* TASK TO CARRY OUT
Nothing but the lines from the top of the data to the line holding "the large pool" should be printed, word for word and both ends included; leave the pictures out.

Dataset items
= Beginning of Section =
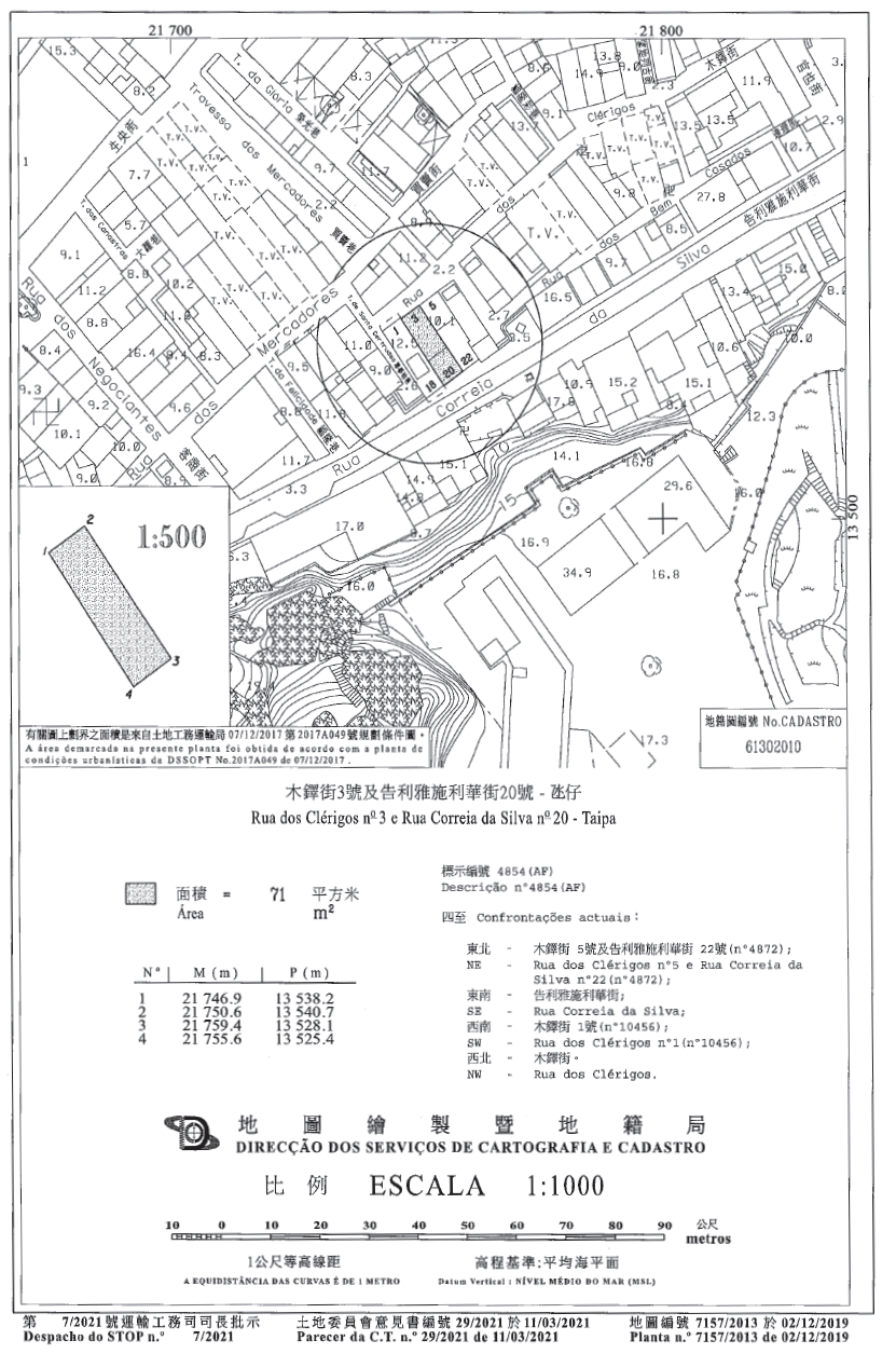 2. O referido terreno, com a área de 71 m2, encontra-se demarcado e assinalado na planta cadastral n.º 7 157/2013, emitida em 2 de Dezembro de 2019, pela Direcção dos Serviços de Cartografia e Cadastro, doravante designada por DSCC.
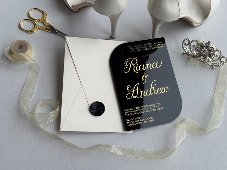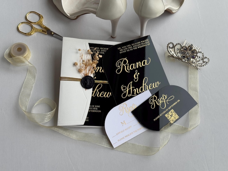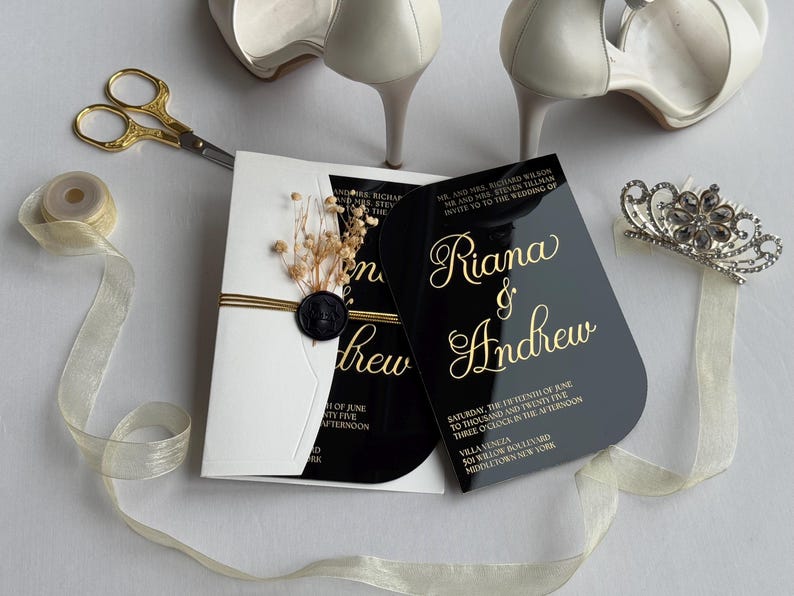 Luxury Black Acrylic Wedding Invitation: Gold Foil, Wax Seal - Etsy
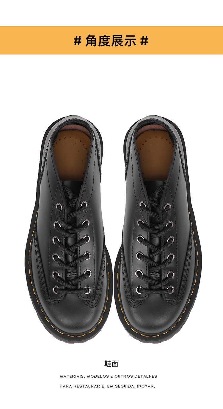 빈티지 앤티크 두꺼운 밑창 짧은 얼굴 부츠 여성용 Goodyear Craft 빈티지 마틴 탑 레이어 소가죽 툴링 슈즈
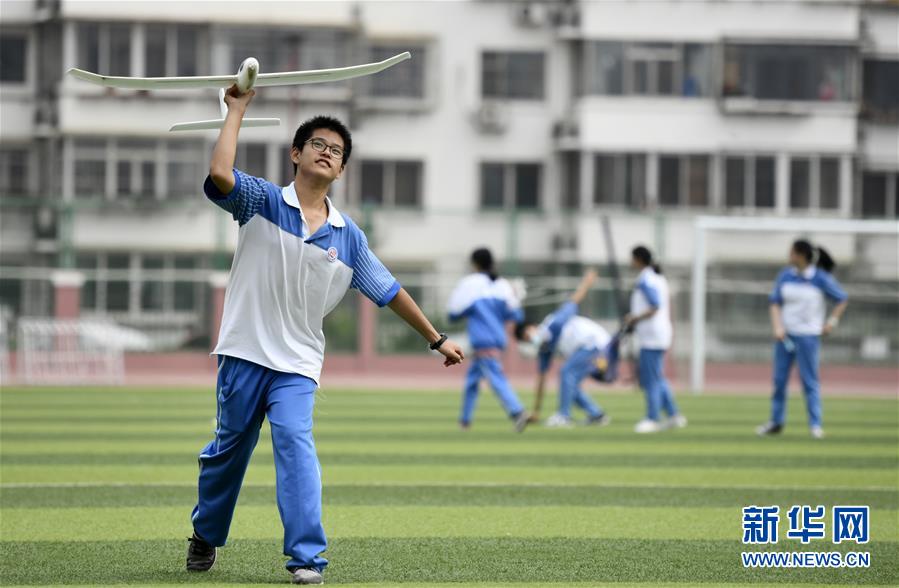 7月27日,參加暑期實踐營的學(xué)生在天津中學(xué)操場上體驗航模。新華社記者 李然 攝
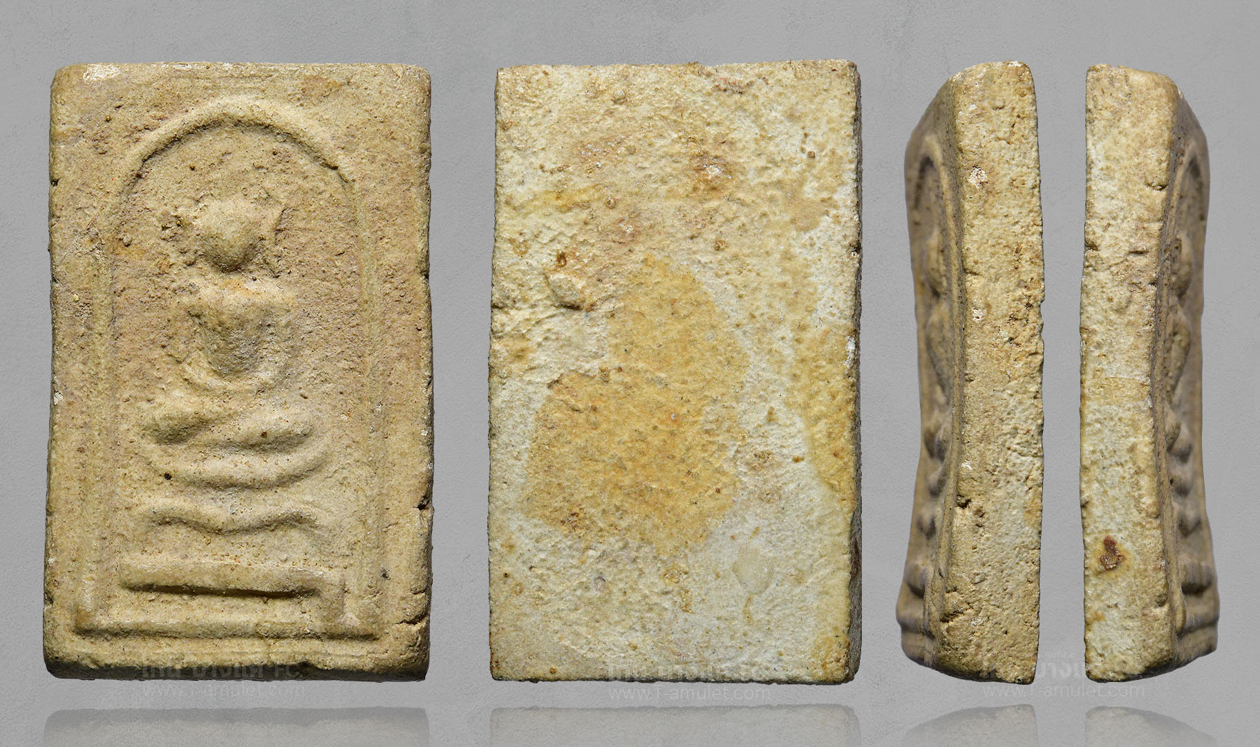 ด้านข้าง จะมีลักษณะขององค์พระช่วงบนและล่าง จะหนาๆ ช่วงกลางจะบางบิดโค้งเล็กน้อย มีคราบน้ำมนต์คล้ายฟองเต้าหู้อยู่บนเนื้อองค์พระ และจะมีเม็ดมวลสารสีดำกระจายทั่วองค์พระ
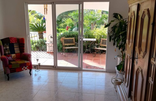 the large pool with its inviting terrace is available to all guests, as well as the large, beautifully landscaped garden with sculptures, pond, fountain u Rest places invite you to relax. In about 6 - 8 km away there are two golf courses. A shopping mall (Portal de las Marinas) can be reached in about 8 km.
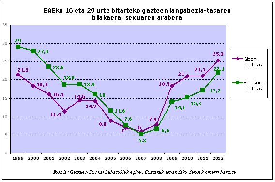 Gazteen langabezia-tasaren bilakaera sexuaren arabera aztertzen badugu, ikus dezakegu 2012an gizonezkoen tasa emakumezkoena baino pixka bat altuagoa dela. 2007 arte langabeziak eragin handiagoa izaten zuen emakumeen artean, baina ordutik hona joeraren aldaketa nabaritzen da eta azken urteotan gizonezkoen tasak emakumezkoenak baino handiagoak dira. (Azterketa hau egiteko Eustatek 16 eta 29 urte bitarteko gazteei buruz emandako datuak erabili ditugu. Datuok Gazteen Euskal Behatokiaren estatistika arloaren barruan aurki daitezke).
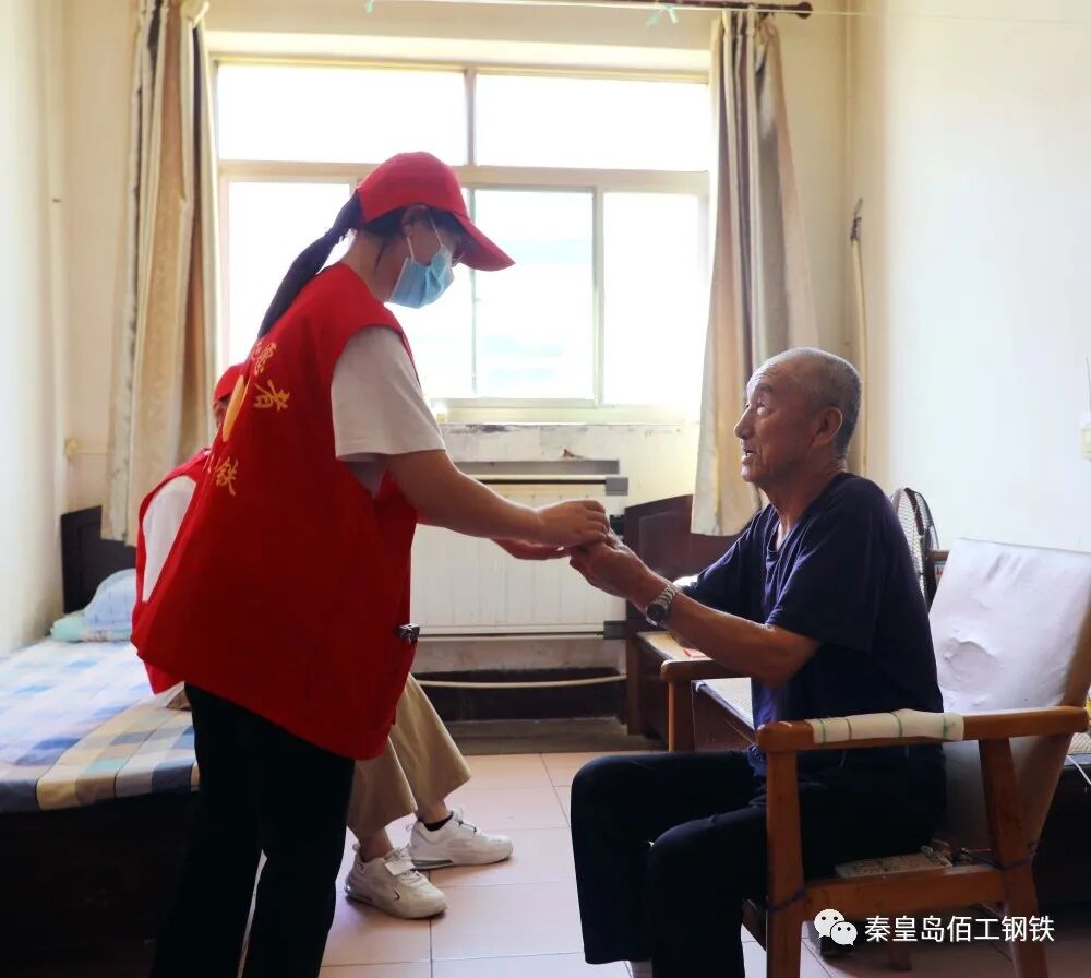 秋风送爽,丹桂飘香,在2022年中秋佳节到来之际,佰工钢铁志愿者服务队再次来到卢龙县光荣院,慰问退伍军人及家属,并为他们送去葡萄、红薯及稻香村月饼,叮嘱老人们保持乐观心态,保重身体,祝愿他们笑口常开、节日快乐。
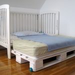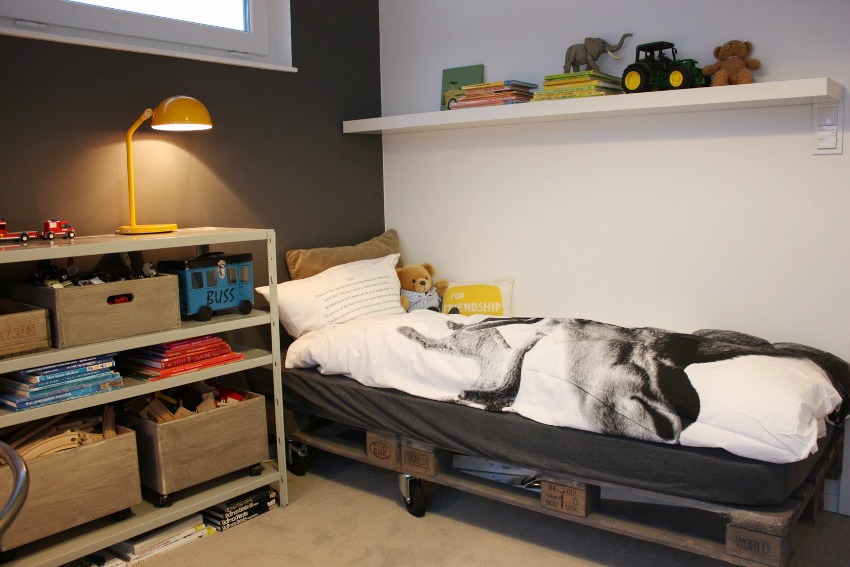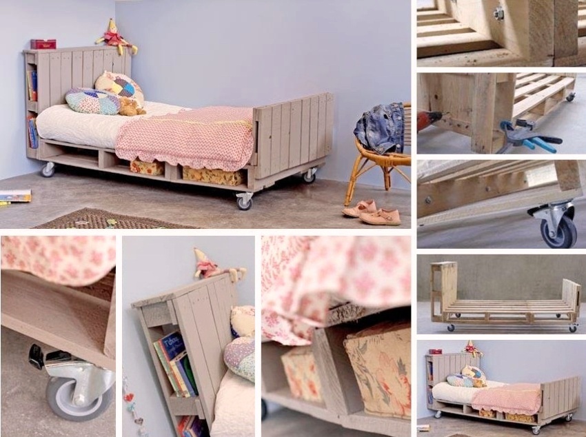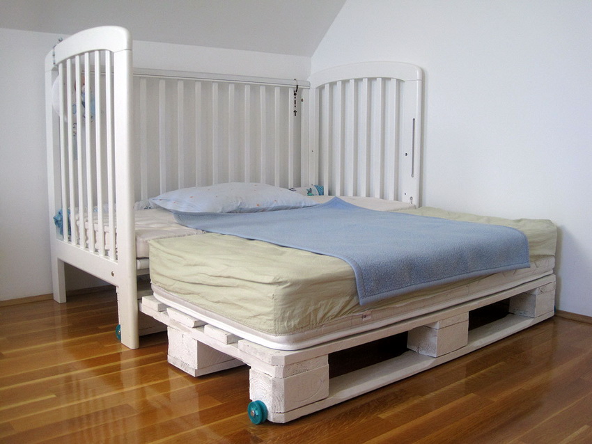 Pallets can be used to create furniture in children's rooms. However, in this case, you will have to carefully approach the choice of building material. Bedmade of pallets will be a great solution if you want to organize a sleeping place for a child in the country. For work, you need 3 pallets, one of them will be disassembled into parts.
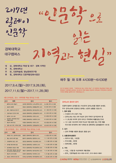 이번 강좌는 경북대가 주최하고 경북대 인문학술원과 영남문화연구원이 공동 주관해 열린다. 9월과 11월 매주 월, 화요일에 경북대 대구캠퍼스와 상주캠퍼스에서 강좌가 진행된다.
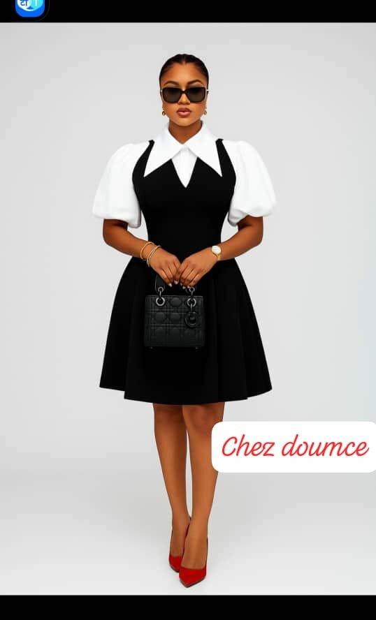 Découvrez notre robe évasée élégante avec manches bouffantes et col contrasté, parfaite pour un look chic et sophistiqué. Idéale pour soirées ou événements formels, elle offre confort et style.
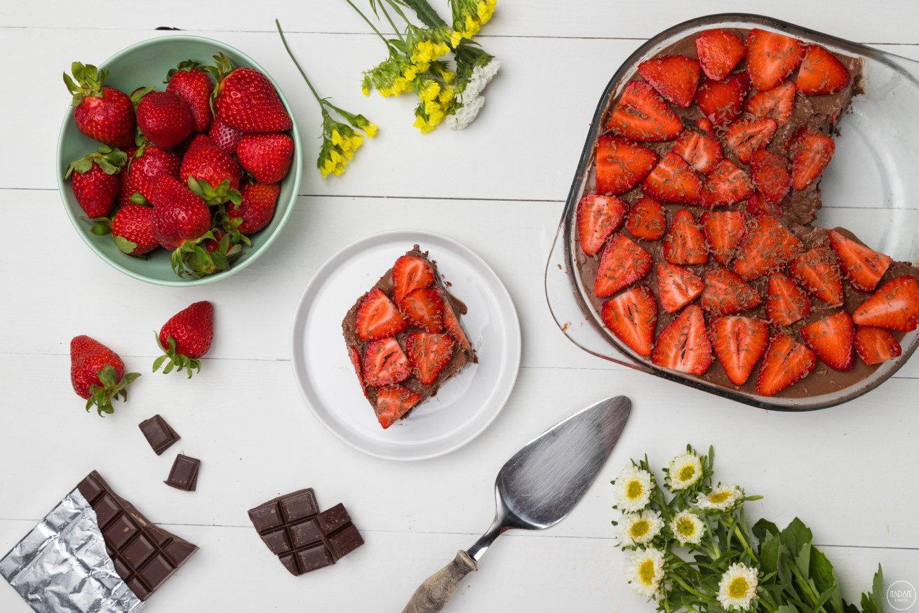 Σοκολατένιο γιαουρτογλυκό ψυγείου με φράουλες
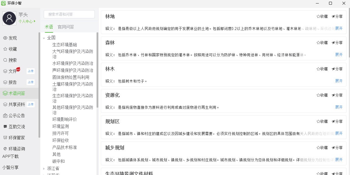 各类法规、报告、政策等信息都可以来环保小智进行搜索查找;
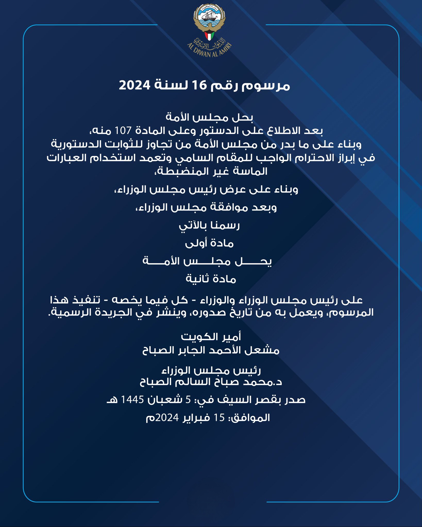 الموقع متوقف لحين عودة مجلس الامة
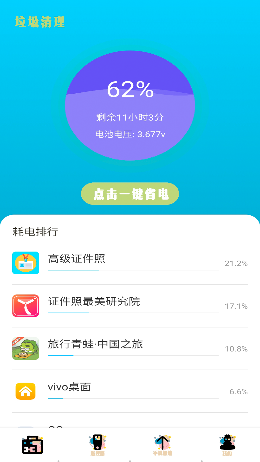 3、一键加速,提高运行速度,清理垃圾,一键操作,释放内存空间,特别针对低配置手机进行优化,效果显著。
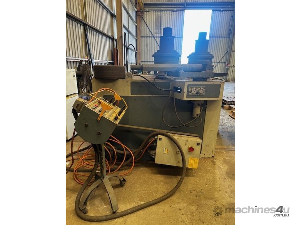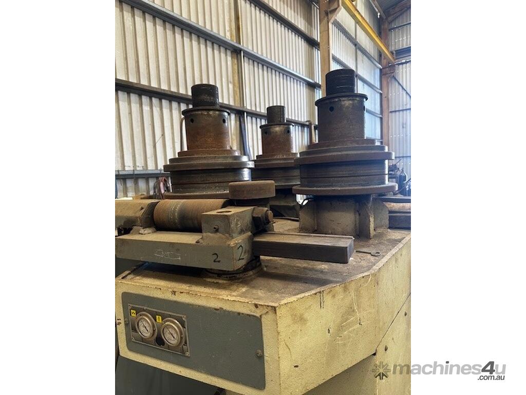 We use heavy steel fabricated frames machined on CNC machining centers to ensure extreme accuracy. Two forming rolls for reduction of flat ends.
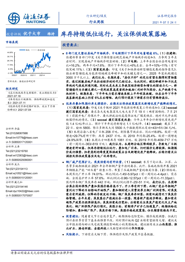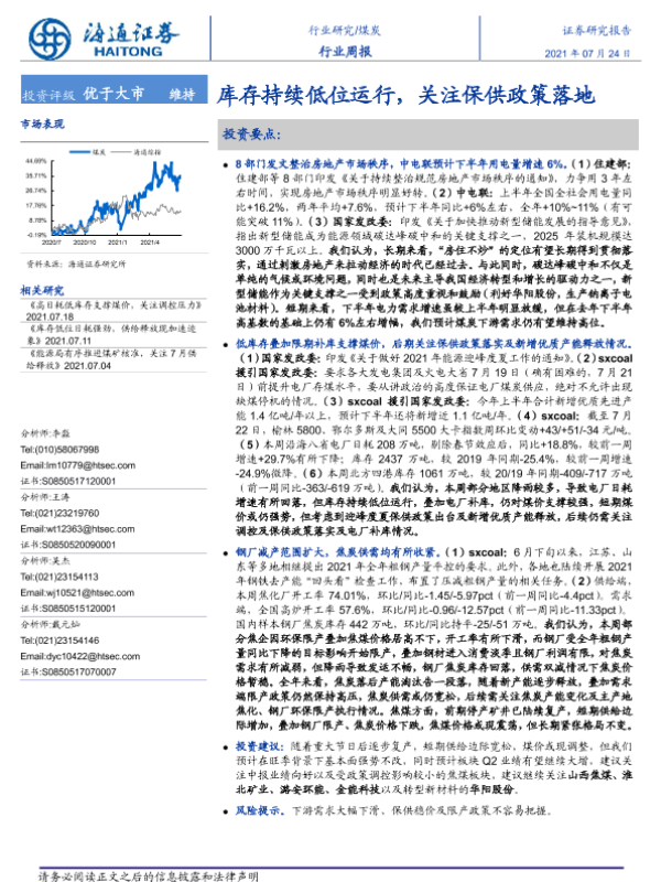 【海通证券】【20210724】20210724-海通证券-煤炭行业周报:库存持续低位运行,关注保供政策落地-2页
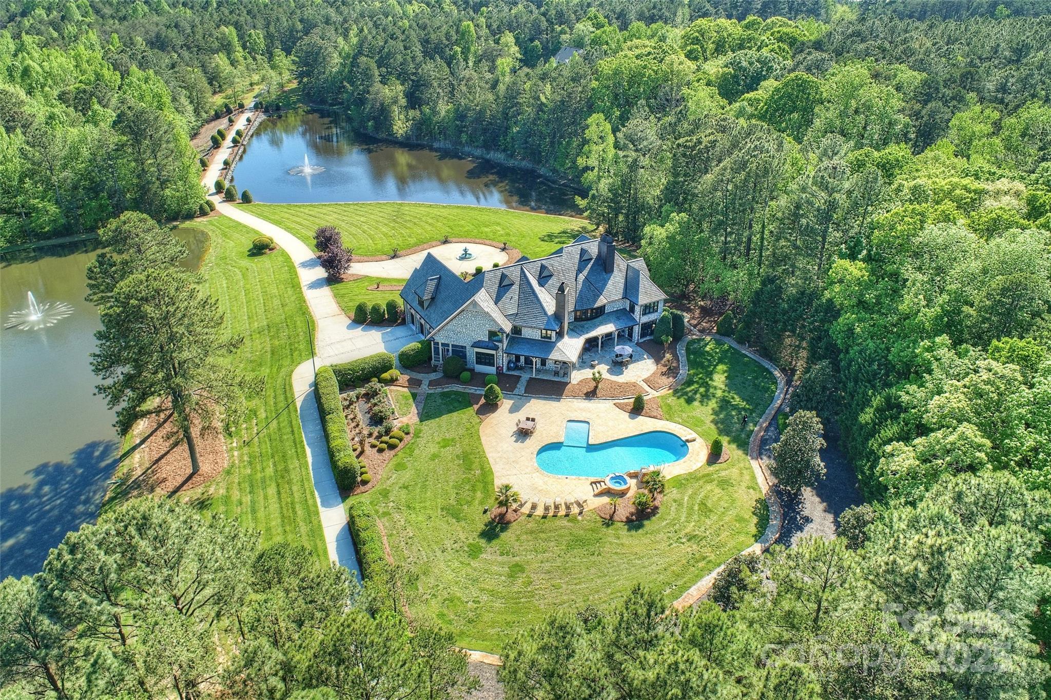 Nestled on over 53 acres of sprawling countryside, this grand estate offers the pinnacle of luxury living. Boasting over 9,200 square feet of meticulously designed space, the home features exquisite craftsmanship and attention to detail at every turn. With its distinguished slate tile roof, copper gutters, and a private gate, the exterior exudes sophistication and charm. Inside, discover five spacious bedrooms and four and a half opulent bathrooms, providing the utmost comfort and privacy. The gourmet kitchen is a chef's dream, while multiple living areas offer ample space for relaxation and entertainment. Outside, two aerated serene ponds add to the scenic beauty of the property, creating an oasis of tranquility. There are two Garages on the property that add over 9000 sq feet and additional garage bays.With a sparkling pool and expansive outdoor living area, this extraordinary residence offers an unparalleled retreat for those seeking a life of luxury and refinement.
= End of Section =
* RESPONSE BOX
 2. O referido terreno, com a área de 71 m2, encontra-se demarcado e assinalado na planta cadastral n.º 7 157/2013, emitida em 2 de Dezembro de 2019, pela Direcção dos Serviços de Cartografia e Cadastro, doravante designada por DSCC.
 Luxury Black Acrylic Wedding Invitation: Gold Foil, Wax Seal - Etsy
 빈티지 앤티크 두꺼운 밑창 짧은 얼굴 부츠 여성용 Goodyear Craft 빈티지 마틴 탑 레이어 소가죽 툴링 슈즈
 7月27日,參加暑期實踐營的學(xué)生在天津中學(xué)操場上體驗航模。新華社記者 李然 攝
 ด้านข้าง จะมีลักษณะขององค์พระช่วงบนและล่าง จะหนาๆ ช่วงกลางจะบางบิดโค้งเล็กน้อย มีคราบน้ำมนต์คล้ายฟองเต้าหู้อยู่บนเนื้อองค์พระ และจะมีเม็ดมวลสารสีดำกระจายทั่วองค์พระ
 the large pool with its inviting terrace is available to all guests, as well as the large, beautifully landscaped garden with sculptures, pond, fountain u Rest places invite you to relax. In about 6 - 8 km away there are two golf courses. A shopping mall (Portal de las Marinas) can be reached in about 8 km.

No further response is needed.